Team leader Kaoru Ito and visiting researcher Kazuo Miyazawa of the RIKEN Center for Integrative Medical Sciences, Professor Issei Komuro, Project Assistant Professor Seitaro Nomura and Project Research Associate Masamichi Ito of the Graduate School of Medicine, the University of Tokyo, Professor Yoichiro Kamatani of the Graduate School of Frontier Sciences, the University of Tokyo, Program-Specific Associate Professor Shinya Oki of the Graduate School of Medicine, Kyoto University, and Koichi Ozaki, Director of the Medical Genome Center, the National Center for Geriatrics and Gerontology, conducted the world's largest cross-ethnic genome-wide association study (GWAS) that meta-analyzed the Japanese GWAS using the genome data of Biobank Japan and that of Europeans to identify new disease susceptibility loci. Further analysis using ChIP-seq data revealed that the transcription factor ERRg is involved in regulating the expression of genes associated with atrial fibrillation (AF). The group's research was published in the online edition of Nature Genetics.
They constructed a genetic risk score (PRS) from the results of the meta-analysis, which is useful for predicting disease. They found that the higher the PRS, the younger the age of onset of AF, that there was a strong association between cardioembolic stroke and PRS, and that there was a strong association between PRS in AF and death from stroke.
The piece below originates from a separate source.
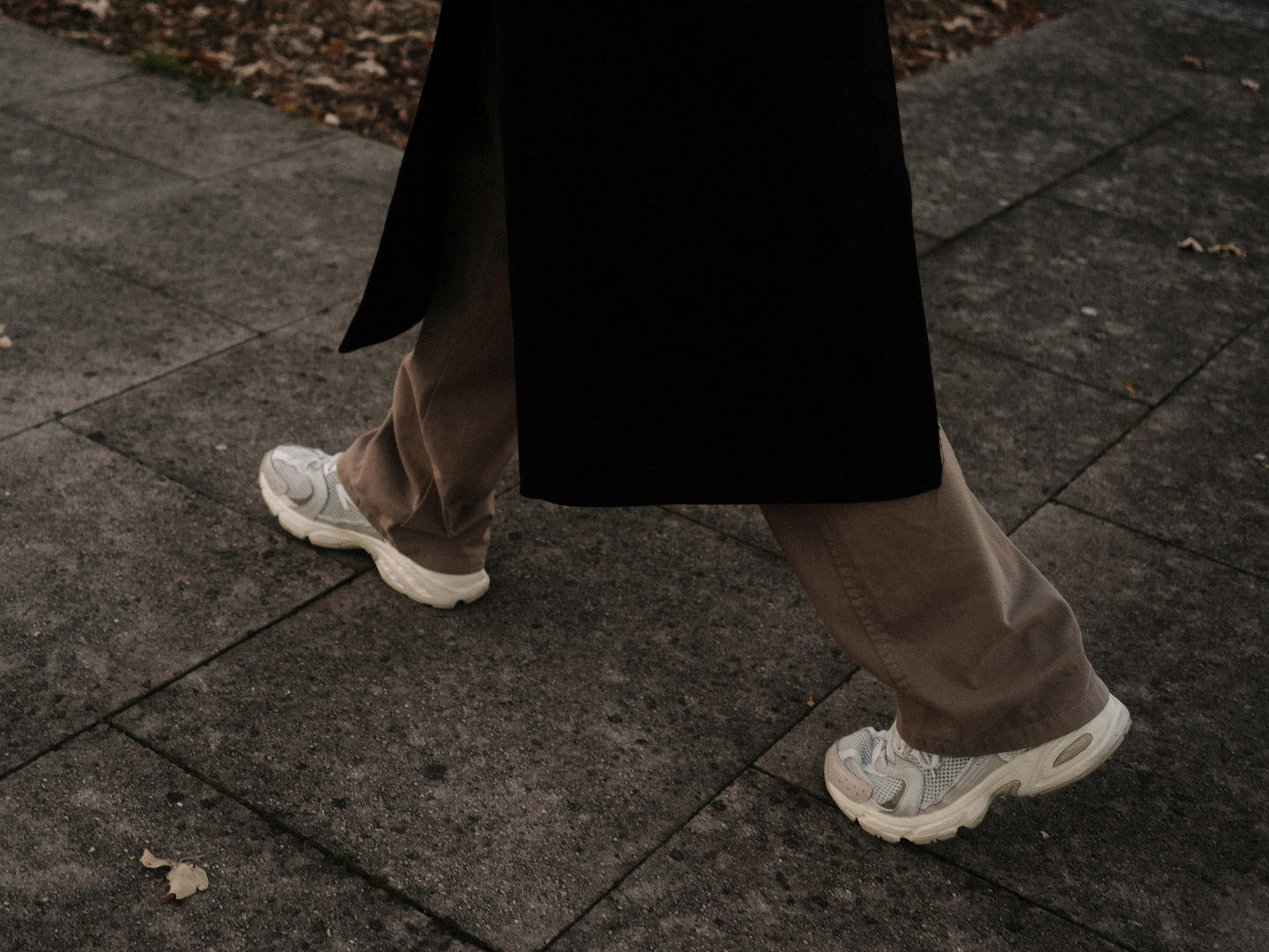 カジュアルなアイテム同士を合わせるのではなく、あえてきれいめなアイテムと掛け合わせるのが大人の流儀です。センタープレスの効いたスラックスや、仕立ての良いウールのロングコート。かっちりとした装いの足元をスニーカーで外すことで、肩の力が抜けた上品な「抜け感」が完成します。歩くたびに揺れるコートの裾と軽快な足元が、余裕のある洗練された佇まいを演出。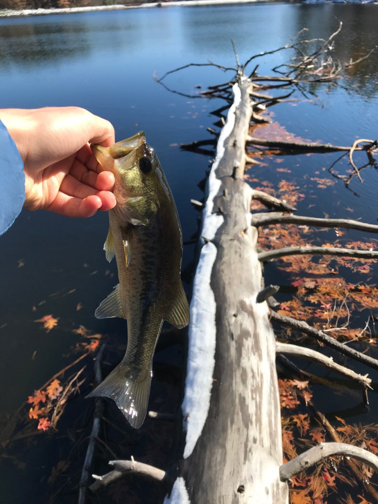 With my patience running thin, I tied on a black, brown, and light olive bead head wooly bugger. Having lost sight of the bass on the left side of the tree, I began casting on the right side, a risky move due to all the brush in the water. Cast after cast I snagged the leaves coating the surface, but eventually I felt a sharp tug. I snapped my rod tip up high, and stripped hard. The bass’s scales gleamed from just under the surface. I spun my reel to pick up the little line I had already stripped in, and began to fight him on the reel. Honestly, the fight wasn’t that spectacular. After another ten or so seconds, I simply lifted the fish into my frigid hand. The barbless hook popped right out, and after taking a quick picture, the fish was on its’ merry way.

The study combines analyses of large-scale genomic data with gene expression and transcription factor data to identify a novel genetic basis for the development of atrial fibrillation. These findings are expected to lead to the development of biomarkers for disease pathogenesis and new therapeutic targets. Furthermore, PRS based on genomic data was shown to be useful not only predicting disease but also for various pathologies and prognoses. In the future, the application of the findings of the researchers' genome analysis to actual medical practice is anticipated to contribute to the realization of precision medicine based on individual pathological conditions.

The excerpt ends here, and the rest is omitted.